Tanto o professor De Toni como Martinez concordam que o apoio institucional é fundamental tanto para manter o EMI como em outros aspectos da internacionalização.
“Não dou aulas de inglês, leciono neurociência e é complicado preparar uma aula em inglês de duas ou três horas durante um semestre. É um desafio muito grande, surgem muitas dúvidas sobre a língua”, relata De Toni. “Os centros de línguas das instituições são insuficientes, não resolvem questões pontuais. São necessidades específicas aliando a língua inglesa, didática e prática de ensino”, diz o americano.
Por isso, Martinez sugere a figura de um professor ajudante, especialista em EMI, para auxiliar os demais em questões linguísticas e didáticas. Além disso, esse especialista poderia desenvolver uma rotina de feedbacks para alunos e professores, ajudando-os no progresso contínuo.

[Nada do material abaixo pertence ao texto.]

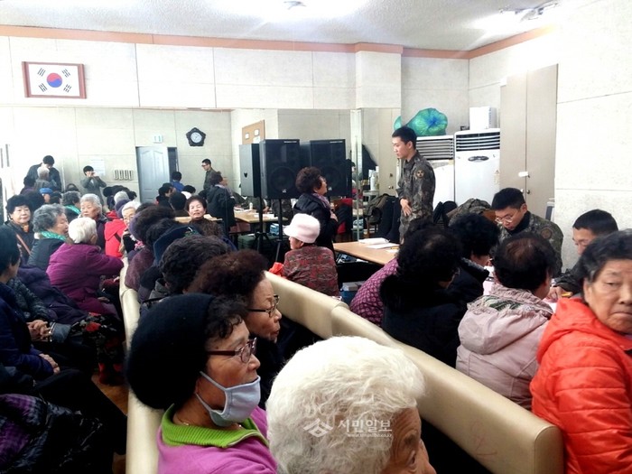 경기 양주시 양주1동 6공병여단 103대대는 최근 복지회관에서 군의관 1명을 비롯한 부대원 10명이 지역내 노인 및 취약계층을 대상으로 '근육 및 관절 통증 치료 의료봉사'를 진행했다.(사진제공=양주시청)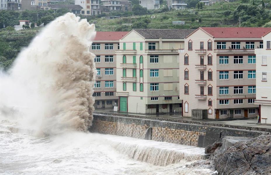 موجة ضخمة نتجت عن اعصار "تشان هوم"، تضرب الشاطئ بجوار المباني السكنية في نلينغ بمقاطعة تشجيانغ.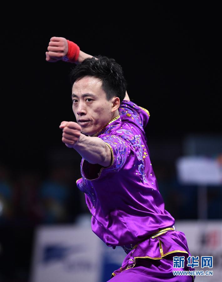 8月19日,中国选手孙培原在比赛中。当日,在第18届亚运会武术男子长拳决赛中,中国选手孙培原以9.75分的成绩获得冠军,本届亚运会首枚金牌产生。新华社记者潘昱龙摄
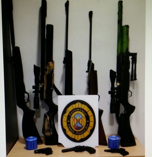 Després la policia va entrar i va comissar totes les armes que hi havia escampades per la casa i també les bombones de butà. Les armes, que l’home havia revestit i adornat, eren en realitat de balins, de les que només necessiten una guia dispensada per la policia o l’Ajuntament per poder-les tenir. I després del comís, l’home va tornar a la policia local a dir que n’havia comprat una altra i que volia que li fessin la guia. Però ateses les circumstàncies, la policia aquest cop la hi va denegar. No és el primer cop que la policia ha d’intervenir en incidents causats per aquest home. Setmanes abans, els Mossos van haver d’escortar a la casa una metgessa del CAP que havia d’anar a fer una visita a domicili a la dona i que es va espantar quan va arribar i li va sortir un home vestit de Rambo, amb una cinta al cap i una falç al cinto.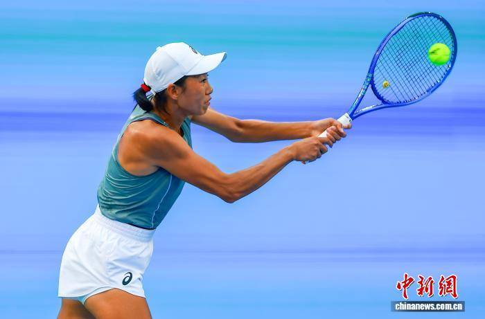 10月7日,中国选手张帅正在进行2025武汉网球公开赛女单首轮比赛。张畅 摄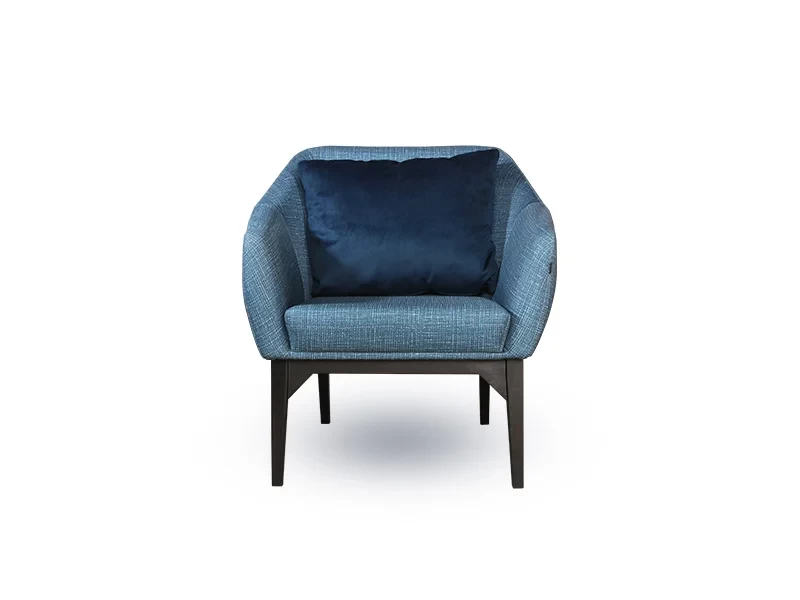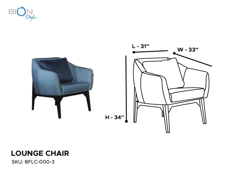 • Lounge chair upholstered in imported fabric featuring wooden legs with laquer finish;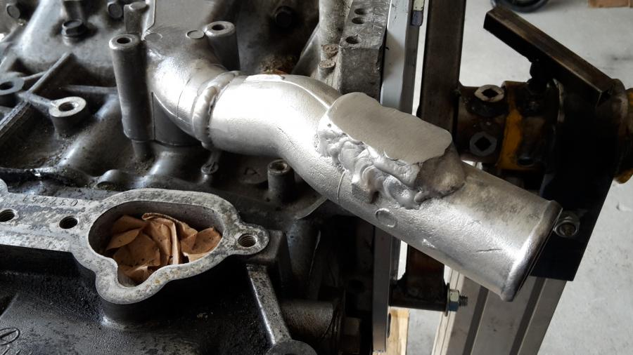 La pipe d'eau retournée -la fameuse "reverse manifold"- est revenue de soudure. Il me restera à la percer, tarauder pour les sorties supp, et avec une belle peinture, elle sera finie!

Ambos também defendem a total democratização do acesso às disciplinas em inglês, mas para isso precisaria haver um reforço da instituição no ensino do idioma, sobretudo nos dois primeiros anos iniciais dos cursos.
Também no Paraná, outra iniciativa, esta liderada por Eliane Segati Rios Registro, da Universidade Estadual do Norte do Paraná (UENP), se concentrou em investigar a avaliação das atitudes dos professores em relação ao contexto EMI nas universidades estaduais locais. O objetivo também era perceber como as instituições veem o processo de internacionalização. O projeto ocorreu entre novembro de 2018 e agosto de 2019 e envolveu 59 participantes em sete universidades, entre estudantes, professores, gestores e reitores.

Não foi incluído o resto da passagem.